__SOURCE MATERIAL__

▽

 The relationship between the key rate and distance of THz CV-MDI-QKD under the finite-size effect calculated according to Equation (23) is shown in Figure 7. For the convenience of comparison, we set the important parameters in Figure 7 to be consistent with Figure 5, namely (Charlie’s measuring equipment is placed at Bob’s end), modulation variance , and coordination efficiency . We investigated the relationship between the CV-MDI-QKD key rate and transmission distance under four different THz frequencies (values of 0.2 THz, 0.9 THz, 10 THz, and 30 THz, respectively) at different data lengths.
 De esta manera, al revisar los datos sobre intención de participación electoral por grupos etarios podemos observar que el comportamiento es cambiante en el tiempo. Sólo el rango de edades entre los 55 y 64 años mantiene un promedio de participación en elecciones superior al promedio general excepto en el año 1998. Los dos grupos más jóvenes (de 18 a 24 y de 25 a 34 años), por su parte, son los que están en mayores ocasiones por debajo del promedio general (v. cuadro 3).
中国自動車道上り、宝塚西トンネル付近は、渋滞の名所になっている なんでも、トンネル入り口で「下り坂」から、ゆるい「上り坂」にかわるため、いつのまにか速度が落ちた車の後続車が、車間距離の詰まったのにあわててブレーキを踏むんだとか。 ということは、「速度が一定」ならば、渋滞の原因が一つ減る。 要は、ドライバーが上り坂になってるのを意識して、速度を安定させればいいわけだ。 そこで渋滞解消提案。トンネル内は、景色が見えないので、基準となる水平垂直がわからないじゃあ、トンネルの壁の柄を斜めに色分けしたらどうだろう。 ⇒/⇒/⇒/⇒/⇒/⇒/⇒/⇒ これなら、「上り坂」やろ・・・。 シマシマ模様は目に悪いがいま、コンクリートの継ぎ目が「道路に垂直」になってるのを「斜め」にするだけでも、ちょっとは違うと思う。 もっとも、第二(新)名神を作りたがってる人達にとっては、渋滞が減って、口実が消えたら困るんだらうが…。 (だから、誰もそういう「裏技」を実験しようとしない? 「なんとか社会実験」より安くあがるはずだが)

△
▽

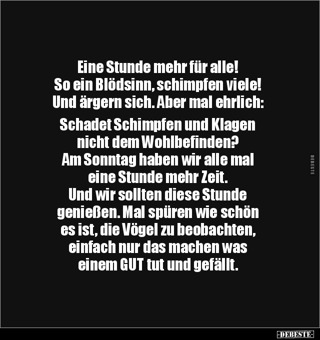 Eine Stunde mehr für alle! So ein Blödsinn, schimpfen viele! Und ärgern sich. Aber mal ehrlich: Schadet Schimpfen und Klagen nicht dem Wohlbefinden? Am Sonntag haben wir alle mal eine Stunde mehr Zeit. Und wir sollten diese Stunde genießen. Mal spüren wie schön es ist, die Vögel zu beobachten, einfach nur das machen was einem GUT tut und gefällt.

△

Would you copy, unchanged, the stretch of the records above that begins at the line containing "The relationship between the key" and ends at the line containing "De esta manera, al", and only that?

 The relationship between the key rate and distance of THz CV-MDI-QKD under the finite-size effect calculated according to Equation (23) is shown in Figure 7. For the convenience of comparison, we set the important parameters in Figure 7 to be consistent with Figure 5, namely (Charlie’s measuring equipment is placed at Bob’s end), modulation variance , and coordination efficiency . We investigated the relationship between the CV-MDI-QKD key rate and transmission distance under four different THz frequencies (values of 0.2 THz, 0.9 THz, 10 THz, and 30 THz, respectively) at different data lengths.
 De esta manera, al revisar los datos sobre intención de participación electoral por grupos etarios podemos observar que el comportamiento es cambiante en el tiempo. Sólo el rango de edades entre los 55 y 64 años mantiene un promedio de participación en elecciones superior al promedio general excepto en el año 1998. Los dos grupos más jóvenes (de 18 a 24 y de 25 a 34 años), por su parte, son los que están en mayores ocasiones por debajo del promedio general (v. cuadro 3).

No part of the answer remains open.